Will Woods handle the pressure with grace, execution, and brilliance under scrutiny, or will he have returned too soon, much like his rushed return after his father's passing?
Only time, and his scorecard for the tournament will tell us if he's making the right move to come back now.
Here are just a few of the reasons he should be able to win the Masters:
1. Never underestimate a player, in any sport, as great as Woods is at golf.
2. Any athlete with as much reason as Woods to come back strong from this is going to be the most motivated man on the course upon his return. Not the 40-something who is trying to prove himself on the Tour again, but a man who has fallen so far so fast, that the only way to redeem himself is to be a winner again. Winners are forgiven, losers, forgotten.
3. Golf is Wood's sanctuary. It has been since he first learned the game, and has been his escape before. Whats to stop him from playing as usual? As we learned in his epic match up against Rocco Mediate, Tiger at half strength is still enough to get it done.
4. Athletes feed off of "the moment". Players making "best catches/passes/shots/saves/serves ever" have popped up countless times in any major sporting event, because for whatever reason, players step up their game on the biggest of stages. Doesn't get much bigger than Augusta in April.

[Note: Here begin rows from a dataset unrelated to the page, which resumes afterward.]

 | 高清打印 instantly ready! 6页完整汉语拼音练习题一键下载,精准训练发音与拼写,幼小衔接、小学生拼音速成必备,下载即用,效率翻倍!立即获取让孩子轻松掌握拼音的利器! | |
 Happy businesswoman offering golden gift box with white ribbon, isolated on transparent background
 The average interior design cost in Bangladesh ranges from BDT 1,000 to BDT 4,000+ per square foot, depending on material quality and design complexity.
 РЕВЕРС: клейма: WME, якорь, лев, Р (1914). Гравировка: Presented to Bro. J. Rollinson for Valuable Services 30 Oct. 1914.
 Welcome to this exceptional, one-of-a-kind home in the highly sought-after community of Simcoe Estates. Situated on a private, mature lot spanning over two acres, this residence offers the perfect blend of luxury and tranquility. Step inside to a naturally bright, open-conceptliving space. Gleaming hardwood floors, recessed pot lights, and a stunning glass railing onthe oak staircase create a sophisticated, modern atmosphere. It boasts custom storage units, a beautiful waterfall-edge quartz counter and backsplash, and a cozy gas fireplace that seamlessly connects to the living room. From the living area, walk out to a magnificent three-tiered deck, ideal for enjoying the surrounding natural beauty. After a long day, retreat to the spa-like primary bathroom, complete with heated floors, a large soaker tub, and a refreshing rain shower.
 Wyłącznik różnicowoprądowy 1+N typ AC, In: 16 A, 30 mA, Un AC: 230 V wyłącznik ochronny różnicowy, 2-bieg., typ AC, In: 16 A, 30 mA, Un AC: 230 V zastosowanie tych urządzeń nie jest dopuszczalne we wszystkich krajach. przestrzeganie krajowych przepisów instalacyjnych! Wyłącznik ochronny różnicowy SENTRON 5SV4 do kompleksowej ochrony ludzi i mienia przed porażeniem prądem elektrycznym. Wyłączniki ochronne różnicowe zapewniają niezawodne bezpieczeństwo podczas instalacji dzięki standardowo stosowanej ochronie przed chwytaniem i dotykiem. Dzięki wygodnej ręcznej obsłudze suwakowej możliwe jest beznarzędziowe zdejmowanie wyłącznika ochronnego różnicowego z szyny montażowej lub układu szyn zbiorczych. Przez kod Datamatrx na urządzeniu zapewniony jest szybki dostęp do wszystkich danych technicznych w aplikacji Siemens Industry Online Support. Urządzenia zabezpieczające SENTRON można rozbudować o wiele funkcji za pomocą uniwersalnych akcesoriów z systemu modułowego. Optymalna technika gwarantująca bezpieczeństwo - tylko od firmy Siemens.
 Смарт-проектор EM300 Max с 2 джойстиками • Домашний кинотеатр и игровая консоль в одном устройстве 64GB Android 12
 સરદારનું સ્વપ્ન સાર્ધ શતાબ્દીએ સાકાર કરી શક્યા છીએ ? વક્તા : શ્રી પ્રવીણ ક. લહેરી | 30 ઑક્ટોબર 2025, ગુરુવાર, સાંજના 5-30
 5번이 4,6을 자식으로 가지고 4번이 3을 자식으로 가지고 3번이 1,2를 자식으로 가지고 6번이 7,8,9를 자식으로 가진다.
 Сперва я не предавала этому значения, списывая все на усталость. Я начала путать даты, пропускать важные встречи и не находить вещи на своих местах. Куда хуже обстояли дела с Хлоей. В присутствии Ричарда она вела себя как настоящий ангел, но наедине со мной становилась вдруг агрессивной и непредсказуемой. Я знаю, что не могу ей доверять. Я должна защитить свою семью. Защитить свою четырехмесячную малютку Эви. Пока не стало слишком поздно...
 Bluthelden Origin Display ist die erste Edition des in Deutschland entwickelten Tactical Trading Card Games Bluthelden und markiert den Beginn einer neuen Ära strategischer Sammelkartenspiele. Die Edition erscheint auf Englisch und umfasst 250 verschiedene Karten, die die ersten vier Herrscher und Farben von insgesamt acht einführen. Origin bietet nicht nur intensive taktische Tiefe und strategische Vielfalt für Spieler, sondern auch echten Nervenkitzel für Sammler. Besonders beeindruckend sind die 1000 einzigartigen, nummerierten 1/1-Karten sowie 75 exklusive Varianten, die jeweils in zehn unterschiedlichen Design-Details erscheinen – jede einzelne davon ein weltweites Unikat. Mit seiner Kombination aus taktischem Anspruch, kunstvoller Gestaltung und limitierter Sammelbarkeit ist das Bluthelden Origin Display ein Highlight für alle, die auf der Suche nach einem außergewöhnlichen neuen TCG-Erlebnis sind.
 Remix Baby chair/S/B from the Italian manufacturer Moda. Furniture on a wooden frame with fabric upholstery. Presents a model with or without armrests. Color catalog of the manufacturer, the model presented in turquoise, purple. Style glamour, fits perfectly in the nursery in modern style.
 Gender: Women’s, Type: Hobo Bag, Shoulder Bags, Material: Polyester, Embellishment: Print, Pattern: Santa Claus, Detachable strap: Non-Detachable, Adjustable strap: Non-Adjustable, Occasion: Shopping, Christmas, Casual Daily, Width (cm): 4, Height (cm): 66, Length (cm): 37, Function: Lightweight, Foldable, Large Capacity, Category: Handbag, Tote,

America and its fans love to see a redemption story. An athlete, once hailed as the most dominant as any athlete has ever been at theirs, who has since fallen from grace and has seen his public image run through the mud and his endorsement deals stripped away.
If Woods can come back, and play well early, play well enough to be in the top of the field, or better yet...win it, it would be one of the greatest "comebacks" of all time, cementing the fact that even a less than 100% ready Woods can win a Masters against the best field in golf.
Will Tiger win? Will he falter like he did during his 2006 Masters return after his father passed away, a Masters during which he posted back-to-back plus 4 76's? We'll have to wait for Augusta and Woods to answer these questions in April.
Like always, it will be Tiger vs. The Field.